Cristina E. Pardo Porto is an interdisciplinary scholar of Latinx and Latin American art and visual culture. She holds a PhD from the Graduate Center, CUNY, and is currently an assistant professor at Syracuse University. Pardo Porto was the 2023–24 research fellow at the Syracuse University Humanities Center and has taught at the César E. Chávez Department of Chicana/o and Central American Studies at the University of California, Los Angeles, as well as at Hunter, Lehman, and Queens colleges, CUNY.

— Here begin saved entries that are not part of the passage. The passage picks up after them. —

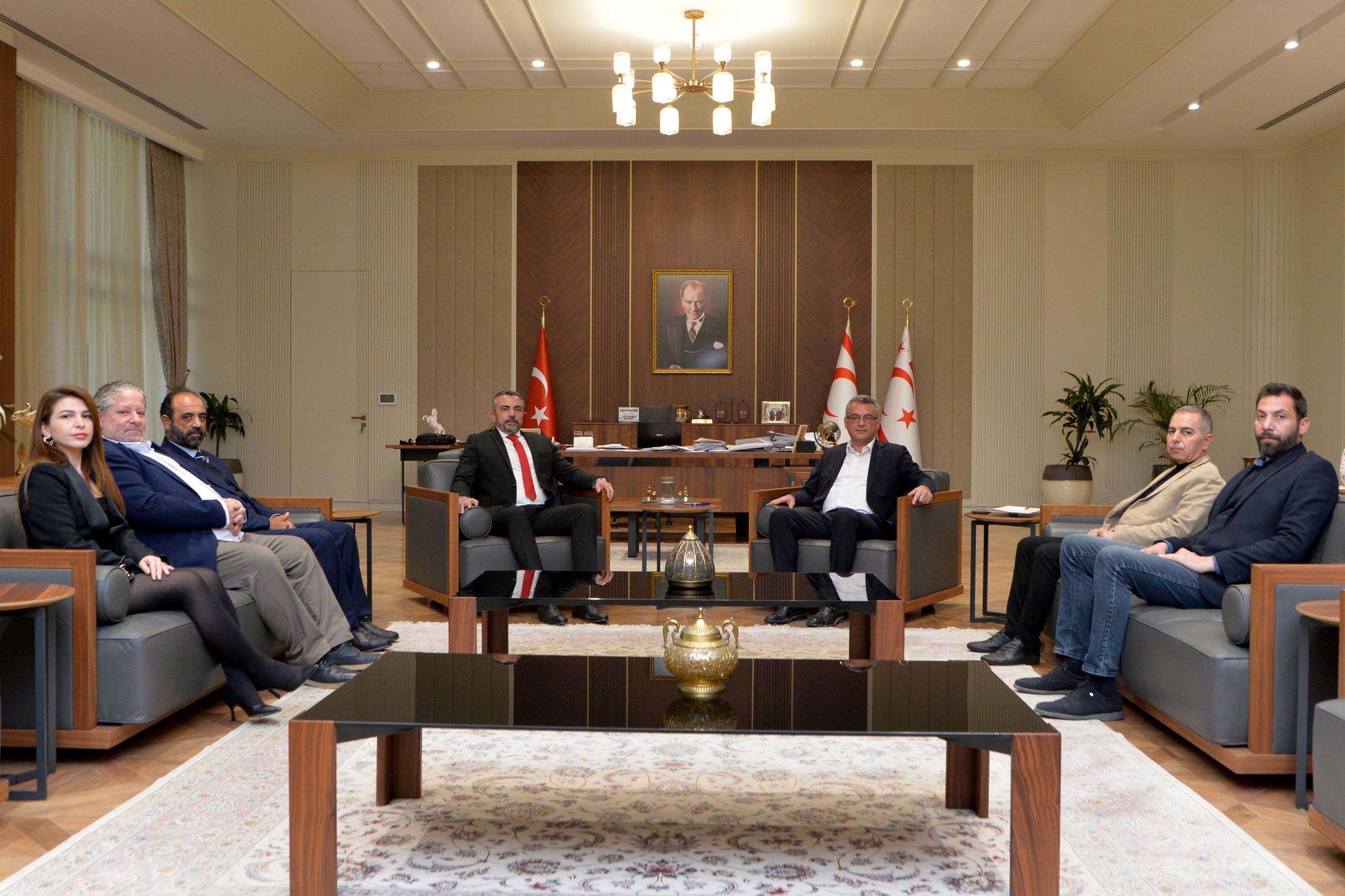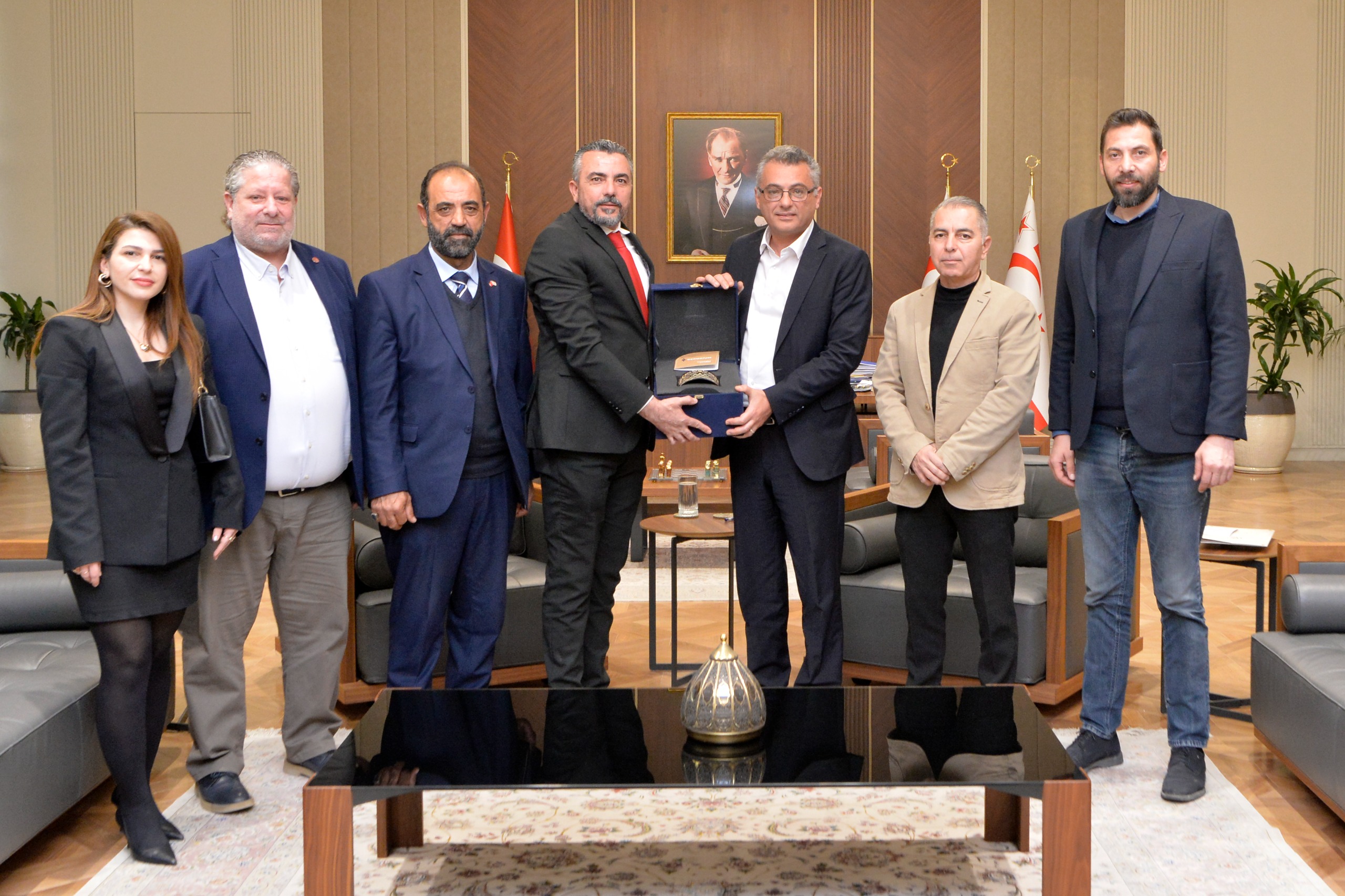 Lefkoşa, 15 Ocak 26 (TAK): Cumhurbaşkanı Tufan Erhürman, Hür İşçi Sendikaları Federasyonu (Hür-İş) Genel Başkanı Ahmet Serdaroğlu ve beraberindeki heyeti kabul etti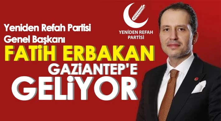 Yeniden Refah Partisi Genel Başkanı Fatih Erbakan'ın katılımıyla Gaziantep milletvekili aday tanıtım toplantısı yapılacak.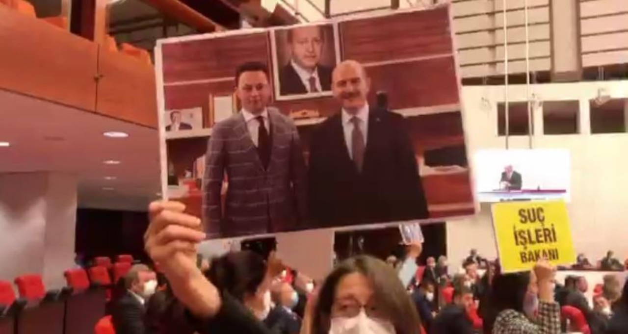Soylu'nun konuşma yaptığı sırada HDP'li vekiller dövizli protesto gerçekleştirdi. Dövizlerde 'Mafya iltisaklı bakan' yazdığı görüldü. Ayrıca Soylu'nun konuşması sırasında Genel Kurul'da tansiyon birçok kez yükseldi.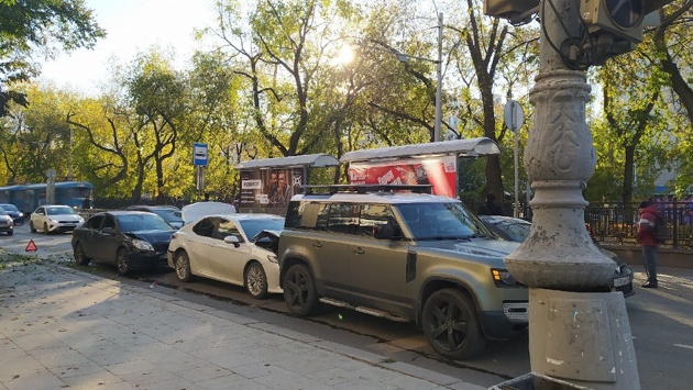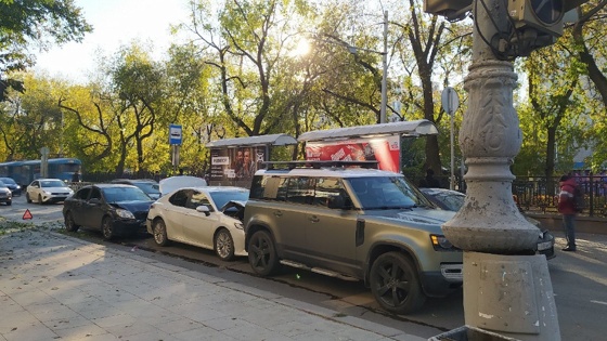 Как рассказал агентству очевидец, рядом с трамвайной остановкой столкнулись три иномарки, ехавшие в направлении площади 1905 года. Судя по снимкам с места аварии, ее причиной могла стать неправильно выбранная дистанция.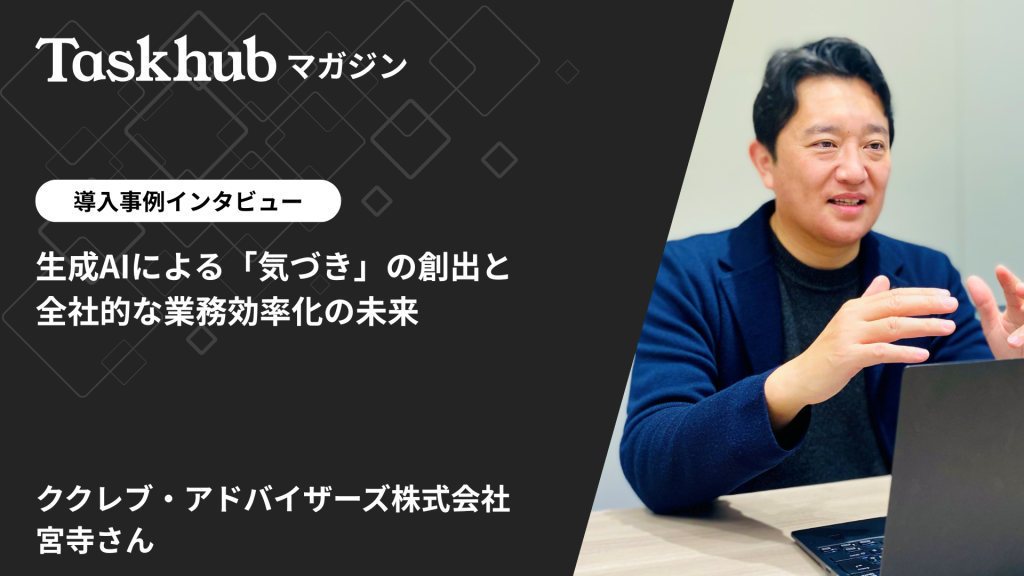 不動産にテクノロジーを掛け合わせ、新たなソリューションを提供するククレブ・アドバイザーズ株式会社。2019年の設立からわずか5年後の2024年11月に東証グロース市場への上場を果たし、少数精鋭ながらも … 続きを読む 生成AIによる「気づき」の創出と全社的な業務効率化の未来

Pardo Porto’s research explores the intersections of historical archives, race, gender, migration, and the environment, focusing on visuality and coloniality across the hemispheric Americas—particularly in relation to diasporic networks in Central America and the Caribbean. Her current book project offers a decolonial history of photography from the perspective of the Latinx diaspora, foregrounding the medium’s entanglement with colonial regimes of visibility and displacement. It interrogates photographic processes, archival materials, and visual artifacts to trace alternative genealogies of photographic practice, emphasizing how contemporary artists mobilize the medium to contest dominant narratives and articulate counter-histories of racial and Indigenous justice and cultural erasure in the Americas.


Recent curatorial projects include the exhibition Joiri Minaya: Unseeing the Tropics at the Museum at the Syracuse University Art Museum (Jan. 21–May 10, 2025). Pardo Porto is the coeditor of Plants and Animals in Latin American Cultural Production (University of Florida Press, forthcoming 2025) and of two special issues of the journal Istmo, both titled Photography in, on, and from Central America. Her scholarly work includes published and forthcoming articles in Art Journal, Hispanic Review, MLN, and Romance Quarterly, among others.